* GIVEN ENTRIES
..........
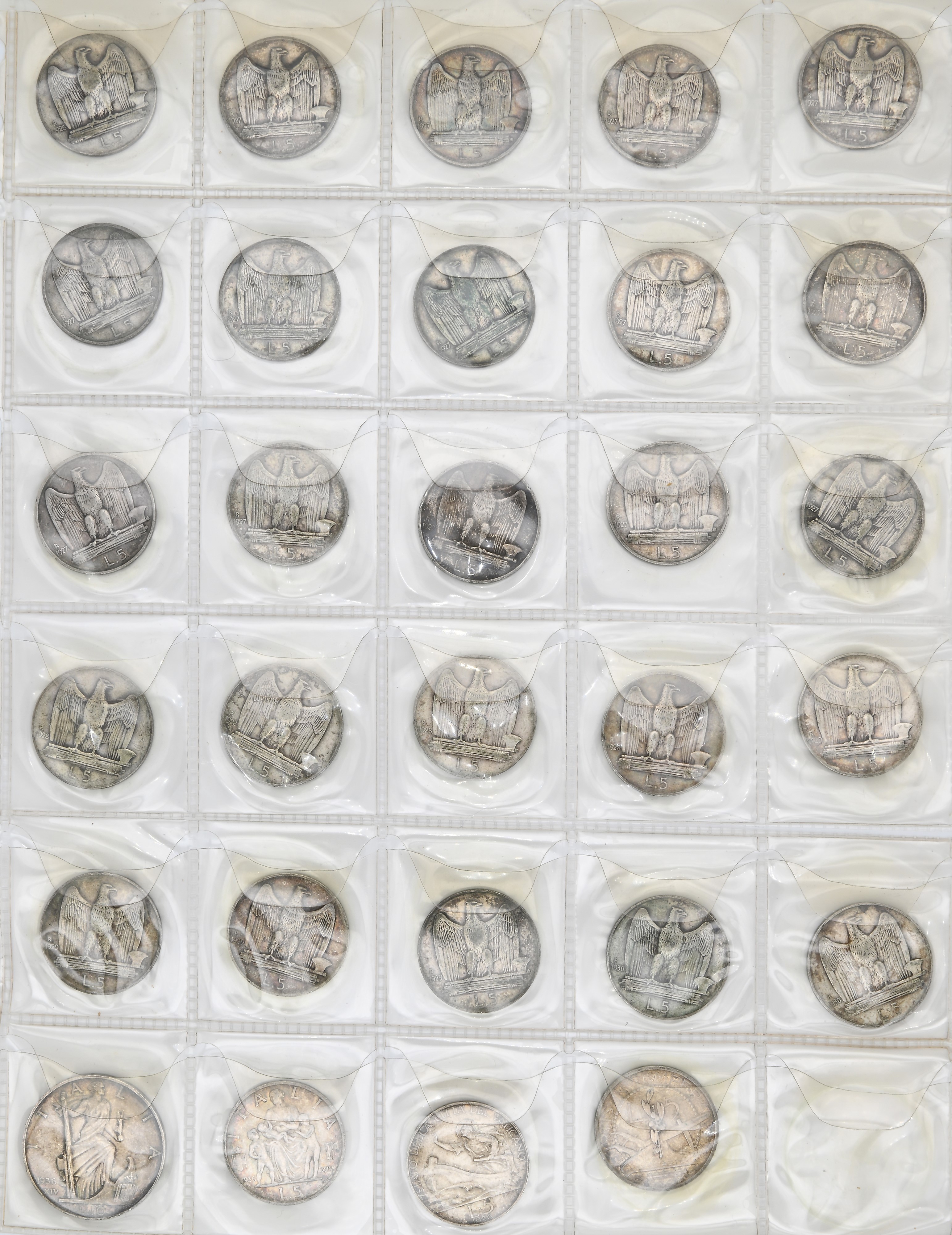 Lotto di 26 monete da 5 Lire (1926/30 e 1936), 1 da 10 Lire 1936 del Regno d'Italia, 5 Lire di San Marino 1935 e della Città del Vaticano 1936
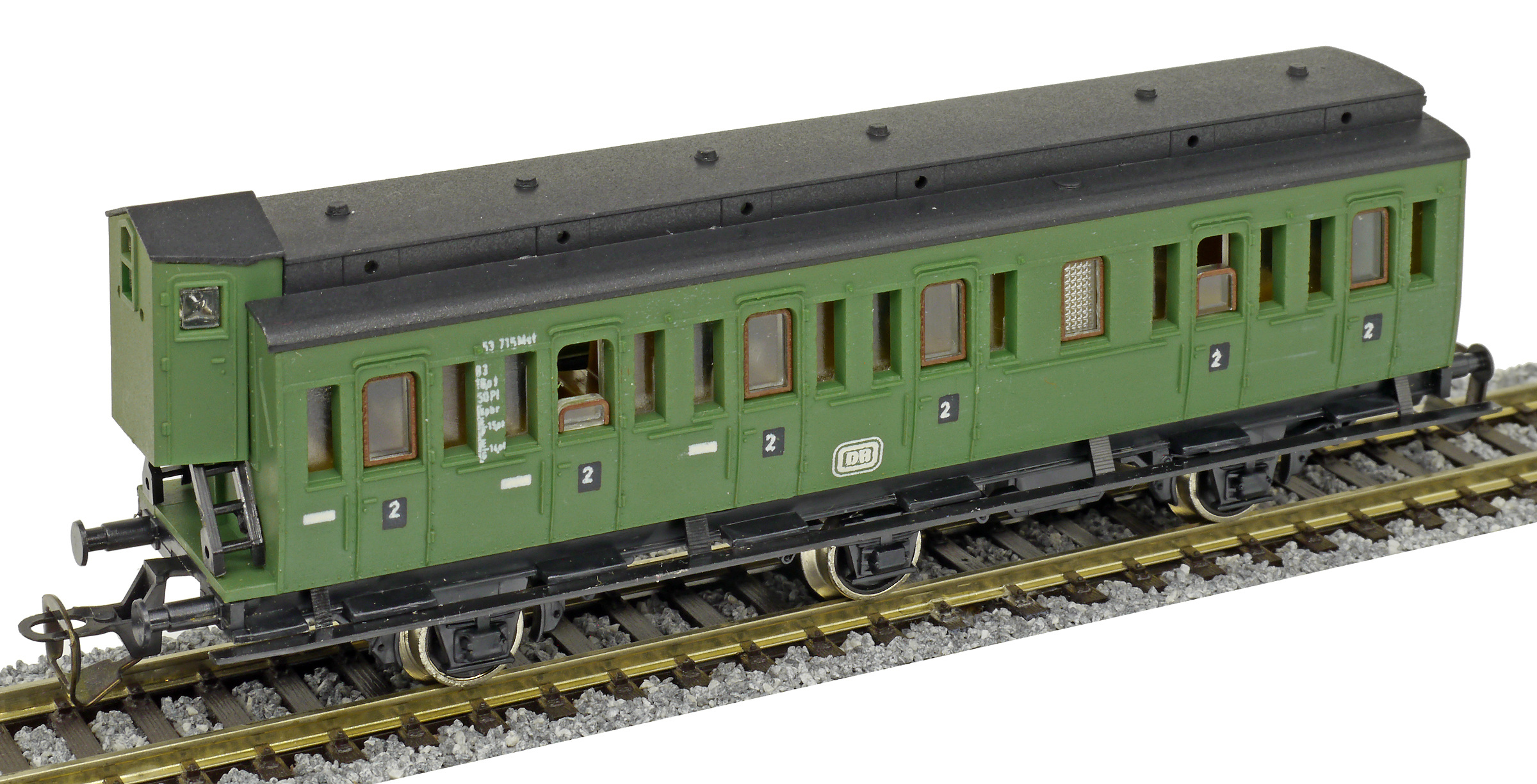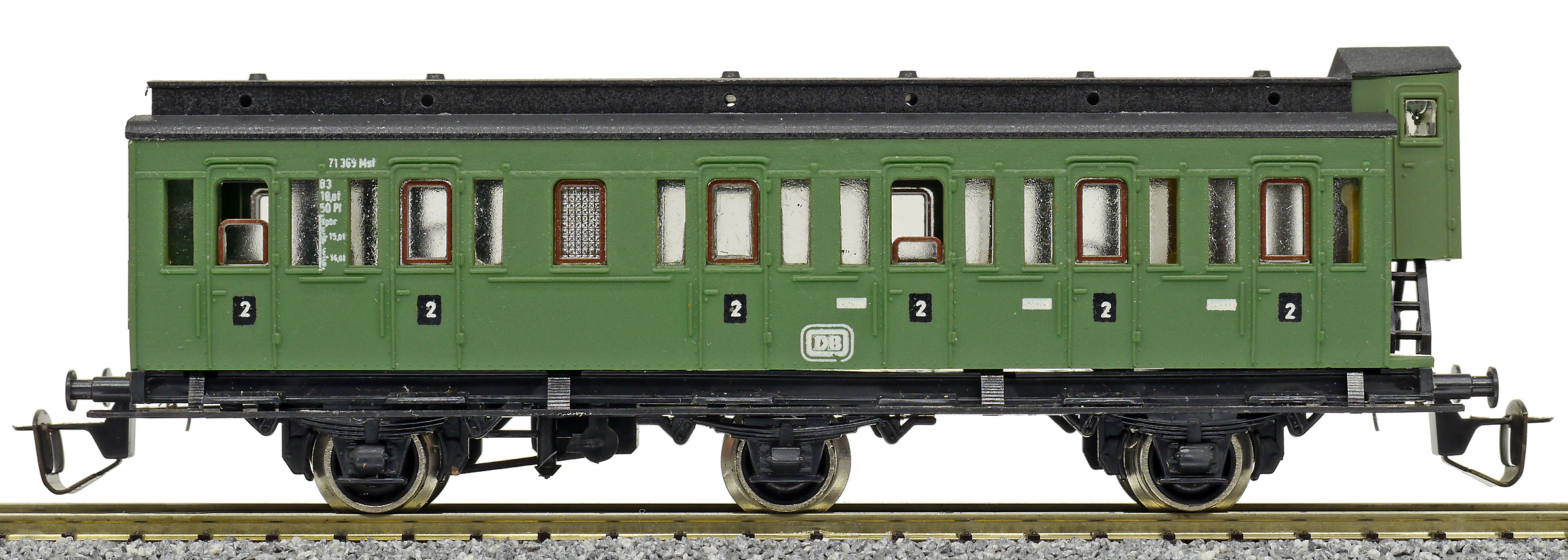 oddílový osobní vůz zelený s černou střechou s brzdařskou budkou 2. tř.
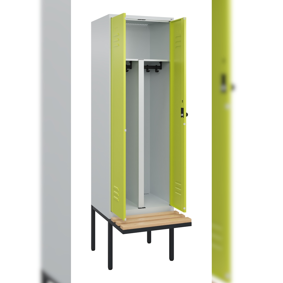 C+P Spind Classic PLUS, schwebender Sitzbank aus Buche 2 Abteile, HxBxT 212x80x82cm, Sicherheitsdrehriegel, Verkehrsweiß von PROREGAL
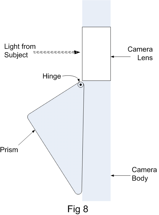 The prism depicted in Figure 7 could be moved out of the camera’s field of vision by swinging it around a hinge. Figure 8 depicts the stowed position. Another problem with this implementation is that the prism cannot be completely removed and will always protrude from the case. Though prisms are sturdier, mirrors seem to be functionally preferable. Besides allowing the tilt angle to be adjustable, the mirror can be cleanly stowed away when it is not needed. The optical quality of a mirror would be better than that of a prism.
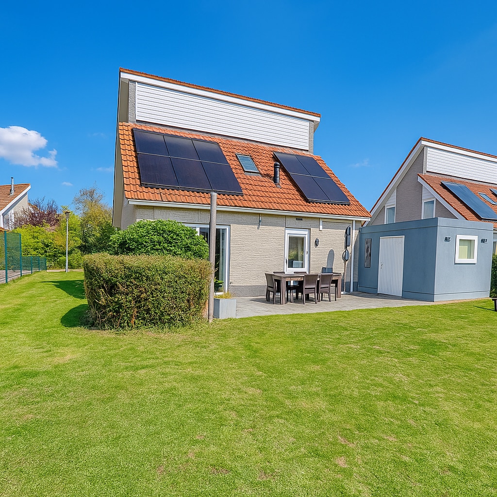 Luxuriöser Bungalow 2014 in unmittelbarer Nähe zum Strand mit Sauna. Ist voll von Komfort und bietet viel Privatsphäre dank der geräumigen, eingezäunten Garten, Sonnenterrasse mit Blick nach Süden und privaten Parkplatz. Carbonfrei durch Solarzellen auf dem Dach, elektrisches Kochen, Klimaanlage zum Kühlen und Heizen und einen elektrischen Kessel. Schöne Naturschutzgebiete und historisch malerische Dörfer rundum. Viele Wander- und Fahrradrouten. In der Nähe von Hotspots für Wind- & Wassersport: Surfen, Kite, SUP, Tauchen, Segeln, zwei
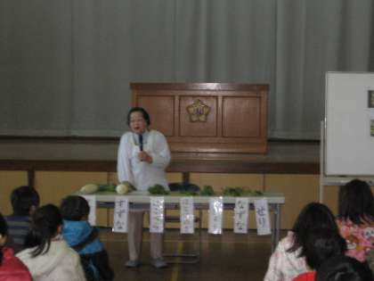 はじめに,地域女性会を代表して芳山様より七草がゆの概要や使われている食材についてお話をしていただきました。
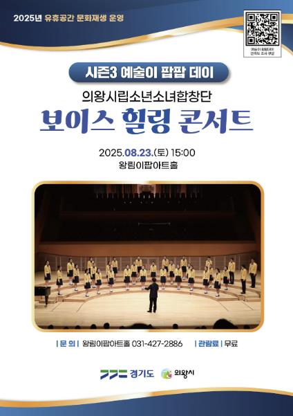 [뉴스스텝] 의왕시는 이번 달 23일 오후 3시, 왕림이팝아트홀(왕곡로 74) 공연장에서 『보이스 힐링 콘서트』를 개최한다.
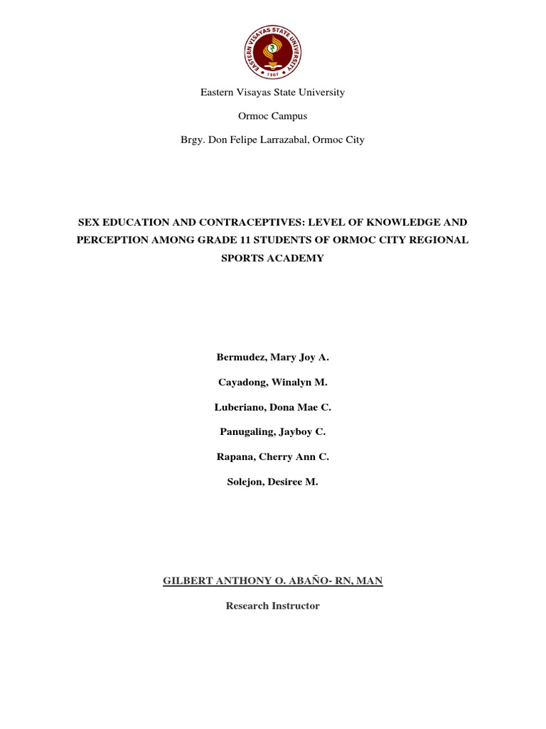 Sex Education and Contraceptives among Grade 11 students of Ormoc City Regional Sports
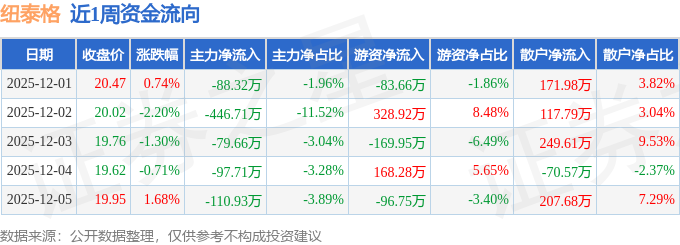 资金流向数据方面,本周纽泰格主力资金合计净流出823.34万元,游资资金合计净流入146.84万元,散户资金合计净流入676.5万元。本周资金流向一览见下表:
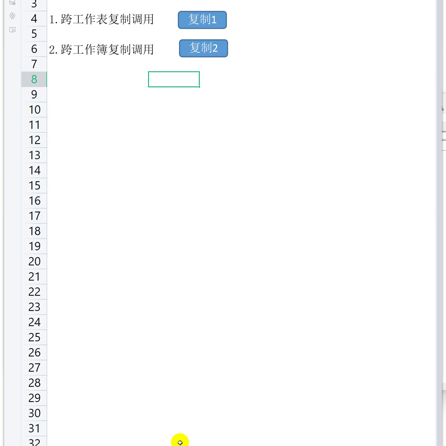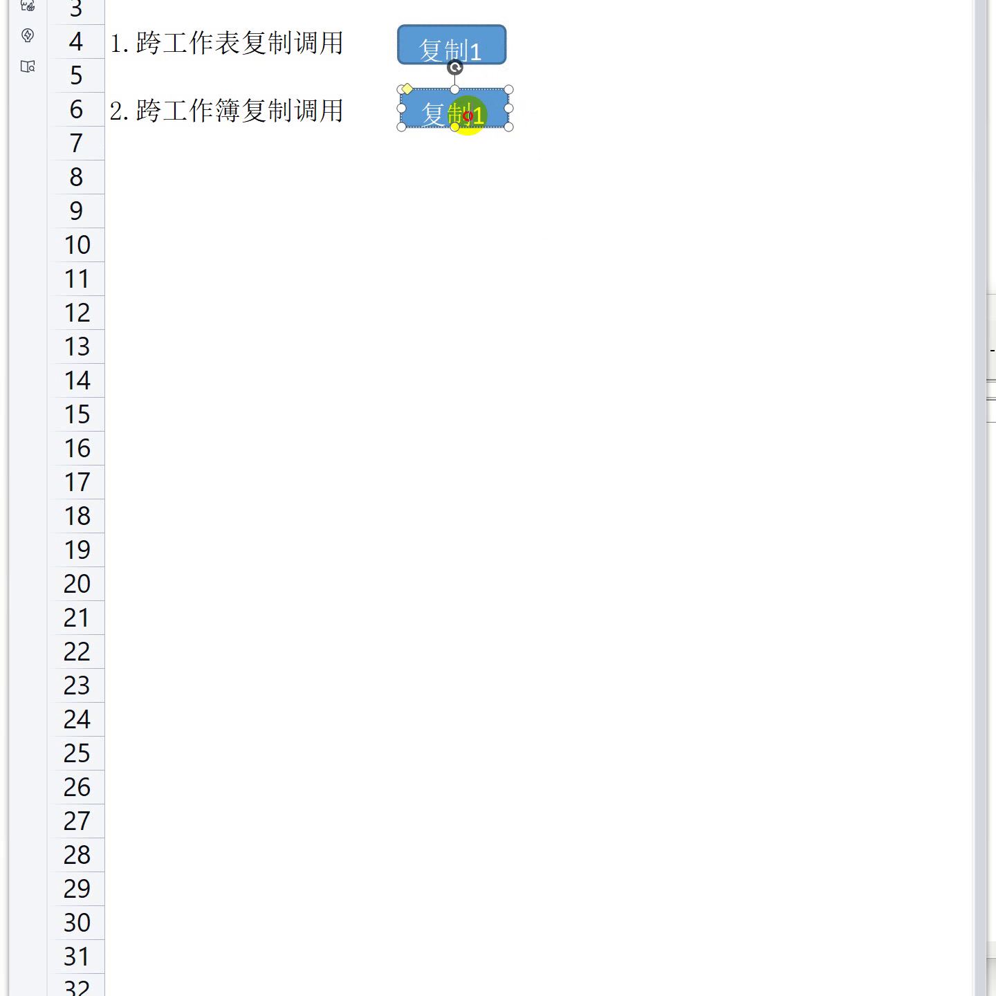 ·这里时候在跨表复制这里,我们去插入一新的模块,来斜一下这个鄂。第一个跨工作表复制。这个鄂就是这样写,一个sum,一个写个宏名称。那这里的时候我们做插入两个形状,插入两个形状做一测试。第一个叫做复制一,然后再复制一个,这个叫复制二。一个是跨表,一个是跨工作部的由上,这两个实际上就做了两个命令按钮,然后通过它去执行。
..........
* TASK ITEM
The answer should contain only the lines from the beginning of the material above through the line with "C+P Spind Classic", retyped exactly, with the pictures removed.

* EXERCISE OUTPUT
 Lotto di 26 monete da 5 Lire (1926/30 e 1936), 1 da 10 Lire 1936 del Regno d'Italia, 5 Lire di San Marino 1935 e della Città del Vaticano 1936
 oddílový osobní vůz zelený s černou střechou s brzdařskou budkou 2. tř.
 C+P Spind Classic PLUS, schwebender Sitzbank aus Buche 2 Abteile, HxBxT 212x80x82cm, Sicherheitsdrehriegel, Verkehrsweiß von PROREGAL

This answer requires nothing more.